---------- Information supplied

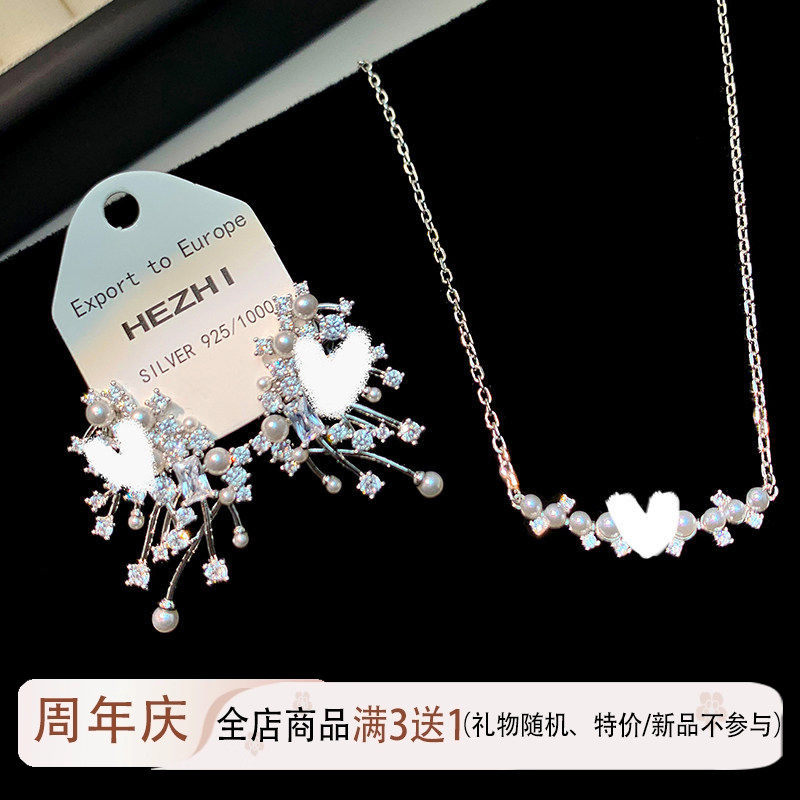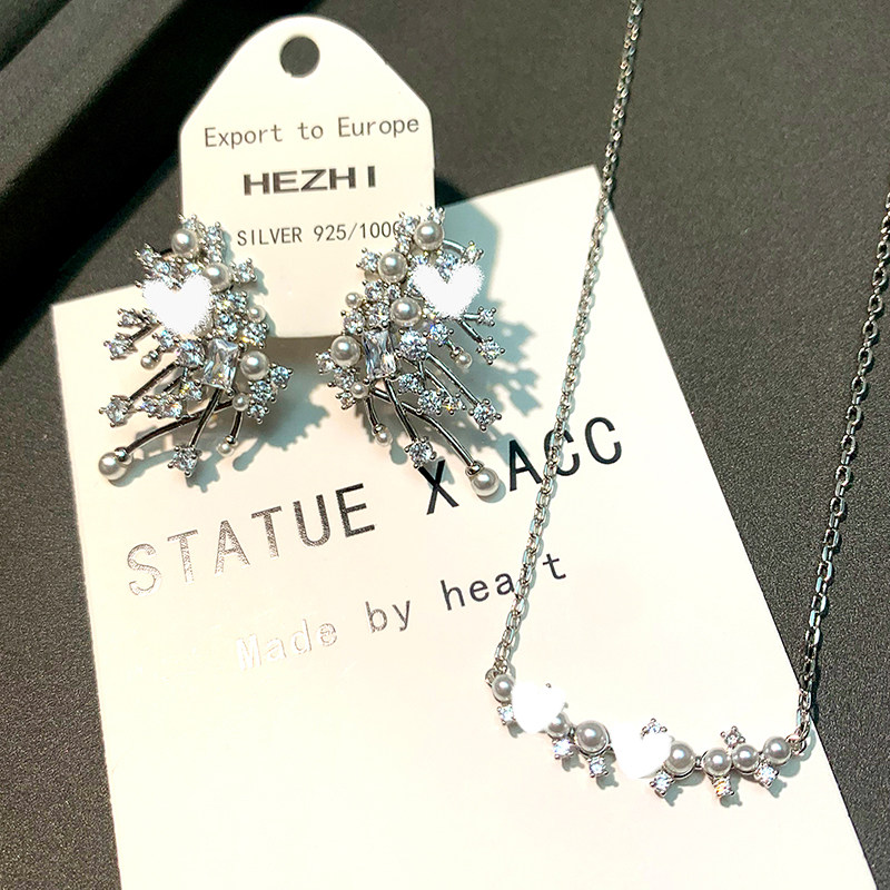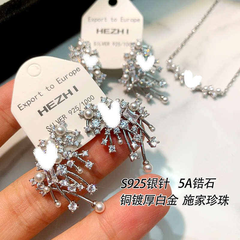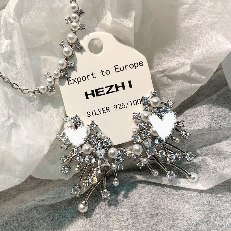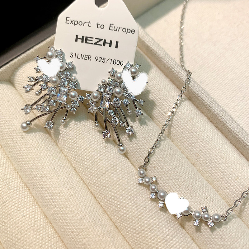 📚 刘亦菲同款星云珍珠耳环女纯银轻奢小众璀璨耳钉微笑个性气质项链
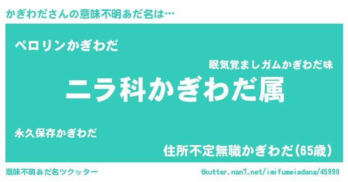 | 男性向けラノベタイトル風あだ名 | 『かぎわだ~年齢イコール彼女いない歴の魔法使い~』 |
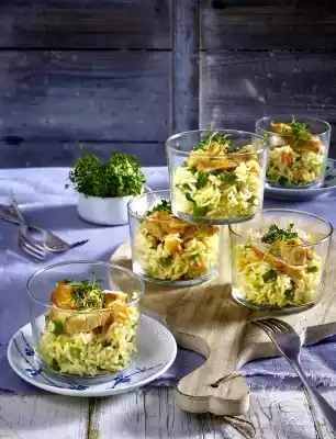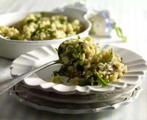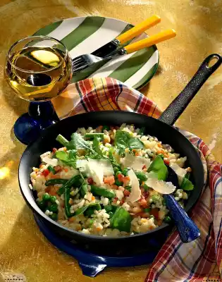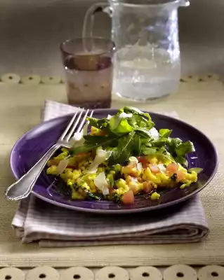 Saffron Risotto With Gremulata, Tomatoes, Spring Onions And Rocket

--------------------

**What is required**
Skipping all pictures, set the listing down exactly as written.

**Solution to the exercise**
 📚 刘亦菲同款星云珍珠耳环女纯银轻奢小众璀璨耳钉微笑个性气质项链
 | 男性向けラノベタイトル風あだ名 | 『かぎわだ~年齢イコール彼女いない歴の魔法使い~』 |
 Saffron Risotto With Gremulata, Tomatoes, Spring Onions And Rocket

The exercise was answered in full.